Technical Article

# Damp-Oscillation Solution for Validation of the Metal Alloyed Powder Core

November 04, 2020 by JC Sun

## The metal alloyed powder core is a kind of magnetic core, which is made from ferromagnetic alloy. After casting, it is pulverized, isolated with an insulation layer compacted with an inorganic binder under high pressure annealed in high temperature, and finally coated with epoxy coating to withstand high voltage stress.

The metal alloyed powder core is a kind of magnetic core, which is made from ferromagnetic alloy. After casting, it is pulverized, isolated with an insulation layer compacted with an inorganic binder under high pressure annealed in high temperature, and finally coated with epoxy coating to withstand high voltage stress.

## Introduction

FeAlSi, NiFe, NiFeMo composition have dominated the second half of the last century. Since the beginning of the 21st-century diverse iron based alloy, cast and / or rapid solidified have been introduced to the market, where mostly iron-based alloy with nearly zero magnetostriction enables relatively stable magnetic performance undergoing the long process chain.

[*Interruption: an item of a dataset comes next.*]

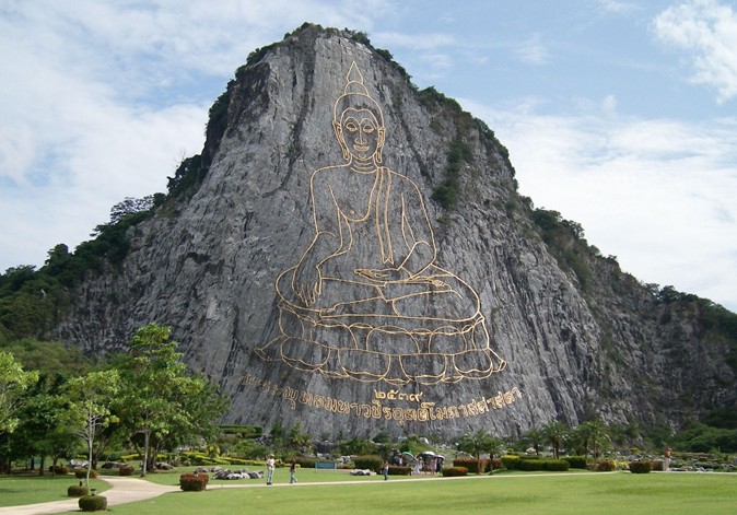此為芭達(dá)雅最大的釋迦牟尼佛雕像,共用18噸重的24K金雕塑而成,此山中亦挖掘出許多的古佛像。七珍佛山令人大開(kāi)眼界,傳說(shuō)這是一個(gè)高僧為當(dāng)今九世皇找的龍脈所在,就著山形剖開(kāi)一面山,削平山面,依山用4噸黃金刻了一座大佛,據(jù)說(shuō)是用高科技鐳射畫(huà)出打坐佛像,用意大利進(jìn)口的金鑲嵌線條,金線耀眼。

Normally the permeability of alloyed particles performs as high as to several hundred thousand while after the mechanical process, the powdered bulky bodies permeability can be managed to several tens. These metal alloyed powder cores are mainly selected in power inductor applications, including inductance filters in grid-connection inverters, power factor correction (PFC) converters and output filters for middle-power switch-mode power supplies (SMPSs), where large flux linkage is required and at the same time certain inductance needs to be guaranteed. A microscopic photo of the powder core is shown in Figure1, where internal structure are shown and the structure gives the cores unique physical and magnetic characters.

##### Figure 1: Microscope photo of a metal alloyed powder core

One of the unique characteristics of the metal alloyed powder core is the gradual soft-saturation behavior: the permeability of the core material is highly dependent on the magnetic field strength on that thus no specific saturation condition can be defined, compared with ferrite materials or silicon steel sheets. Other notable characteristics of magnetics powder core materials are high resistivity due to inorganic isolation surrounding the particle, that intragranular isolation is supposed to decrease volume eddy-current loss, and improve aging effect during the operation as wire-wound components under harsh environment.

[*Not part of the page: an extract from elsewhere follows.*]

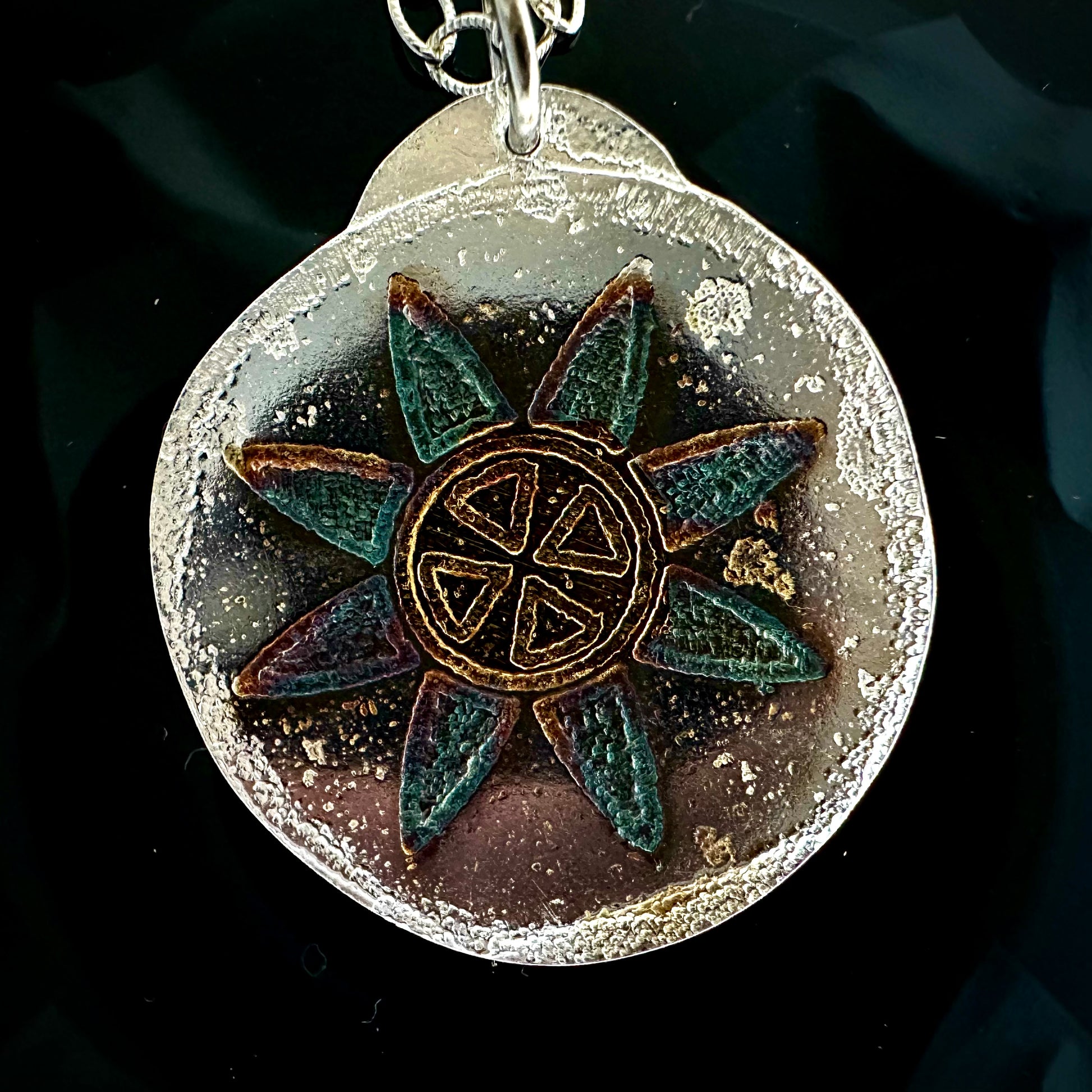 A sun with a geometric design around it as well as a geometric design inside the central ball of the sun. The sun is a symbol of the God Surya worshipped in India. The ancients in India were aware that without the warmth and the bounty provided by the sun we would not exist. This Indian design was etched onto Sterling Silver.

Even metal alloyed powder cores have been applied for decades, the standardization concerning material classification and measurement validation are still in begin i.e. IEC63299 and IEC63300. Actually, the indeterminacy of standardization and measurement validation do bring challenges both for core designers and the application engineers: on the one hand, the expanding of standards for ferrite material IEC 60367 to enclose the metal alloyed powder core materials are still under negotiation, thus for core designers no consistent definition can be followed; on the other hand, several key parameters for the materials like Bsat and loss are missing on the datasheets of the materials, where the designers need for the component's optimization [1].

In this article, the materials validation challenges for metal alloyed powder cores are introduced and the damping-oscillation solution are presented with detailed principle description and technical discussion. Case studies of the solution and results in discussion are also presented to demonstrate the proposed measurement solution.

## Validation Challenges of Powder Magnetic Cores

Due to the unique internal structure of metal alloyed powder cores and the corresponding performance, both the qualified definition and the core validation measurement meet significant challenges.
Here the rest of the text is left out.